The above examples demonstrate the basic usage of ProteinShake with custom datasets and tasks. But it can easily be used to integrate existing benchmarks in more complex scenarios.

Let’s create another dataset and task derived from the popular CAFA benchmark for protein function prediction. It is very similar to the ProteinShake GeneOntologyTask, but features a very different splitting procedure based on temporal holdouts. When the CAFA challenge is hosted, numerous protein targets with no known functional annotation are collected and predicted by the contestants. One may use any available data for training. After some period of time, the predictions are matched against new experimental annotations that have been added in the meantime.

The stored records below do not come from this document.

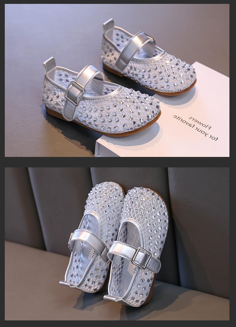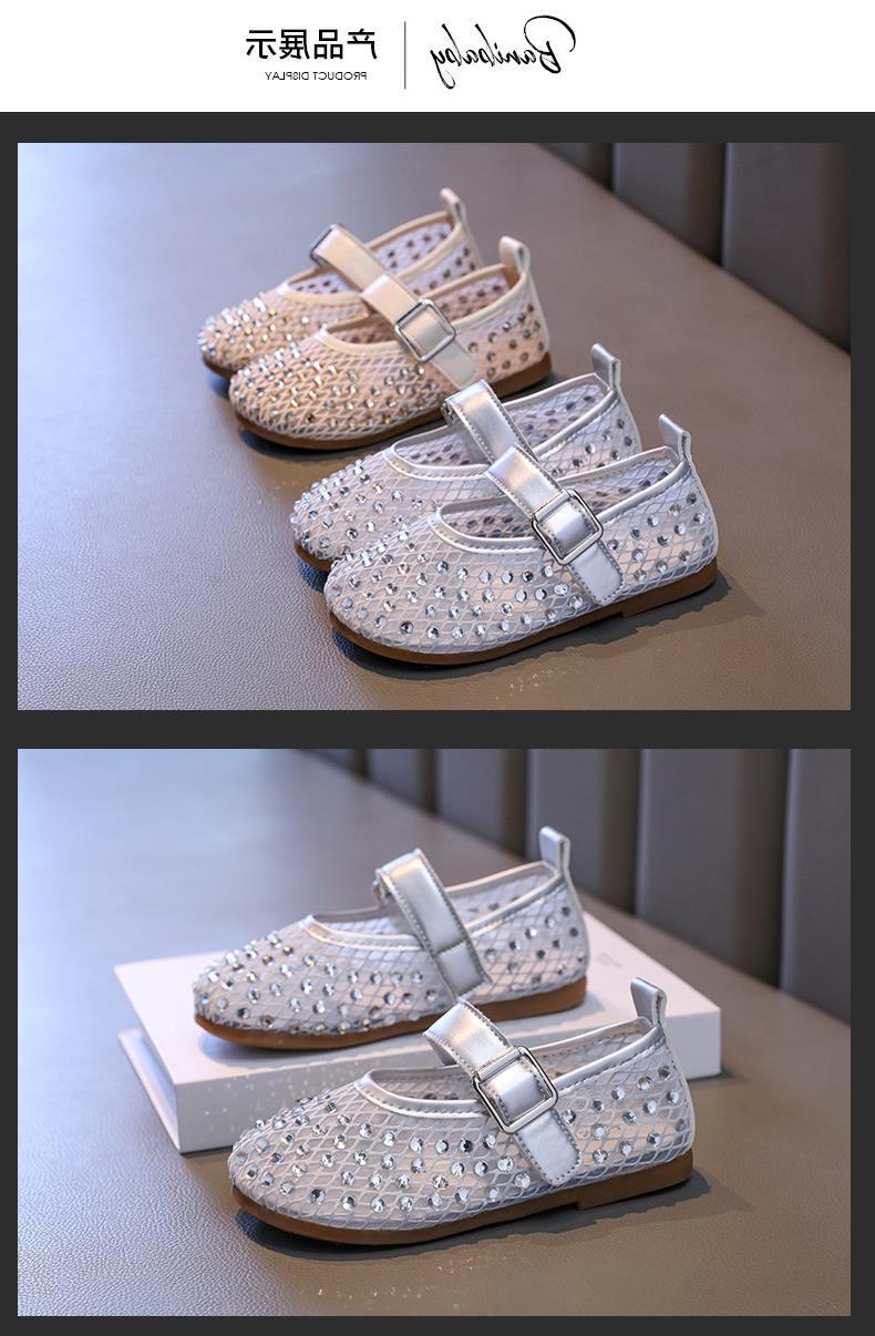 여아 샌들, 어린이 공주 가죽 신발, 시즌 도매 크리스탈 신발, 작은 향기로운 스타일의 얕은 입 콩스토어 가기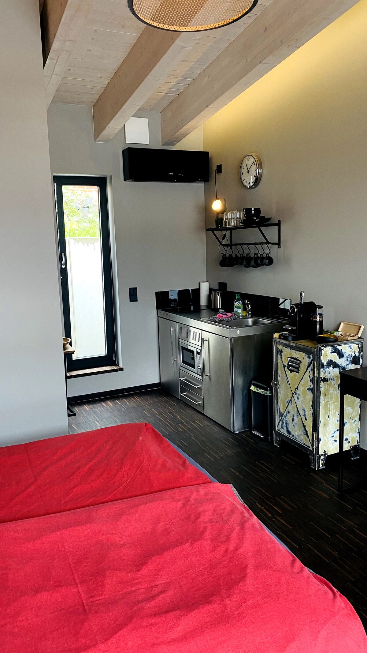 Arkanıza yaslanın ve bu sakin, şık konaklama yerinde dinlenin. Burada müstakil evimizde bir müştemilat dairesi sunuyoruz. Tek kullanım için bir yatak odası, tuvaletli bir duş banyosu, tam otomatik kahve makinesi, ocak, fırın, buzdolabı ve bulaşık makinesi bulunan tam donanımlı bir mutfak ve 33 m²'lik geniş bir oturma/yemek odası bulunmaktadır. Çamaşır odası da bizim tarafımızdan kullanıldığından, ara sıra merdiven boşluğunu ve koridoru da kullanmamız gerekecektir.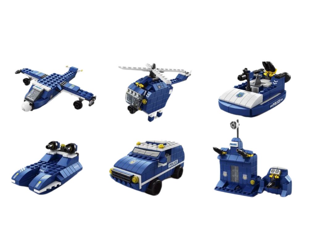 Комплектът включва 1000 прецизно изработени части, с които могат да се сглобят шест различни модела полицейски превозни средства, включително полицейски хеликоптер. Всяка част е с високо качество, осигуряваща лесен монтаж и здравина на конструкцията. Комплектът дава възможност да се изградят реалистични модели на различни полицейски машини, като по този начин децата се запознават креативно с оборудването, използвано от службите за сигурност.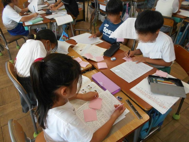 7月4日(金)授業の様子(3-1) 公開日 2025/07/04 更新日 2025/07/04 できごと 国語の時間に、自分が興味を持った仕事について、工夫されているところを調べ、それを表した報告する文章をみんなで読み合っていました。 書き方や説明の仕方でよかったところや、はじめてしったことやおもしろかったことを付箋に表して伝え合うことで、自他のよい点を確認することができました。
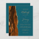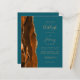 Save the cost of printing and mailing separate RSVP cards with this elegant modern all-in-one budget wedding invitation. The left-hand edge features a burnt orange and rust watercolor agate border trimmed with gold faux glitter. The customisable text combines gold-coloured handwriting, copperplate and italic fonts on a teal blue background. The reverse side provides space for wedding details on a solid teal background, along with a QR code guests can scan to visit your website and RSVP.

To accomodate such use cases, ProteinShake offers the compute_custom_split method to integrate your own splits. We will implement this method with the CAFA3 test targets as an example.

But first we need to make sure that the protein structure data of the test targets is contained in the base dataset. The following code creates a custom dataset as above, but this time downloads the target IDs from the CAFA repository. We will use the GeneOntologyDataset as the parent class, so we can re-use some functionality.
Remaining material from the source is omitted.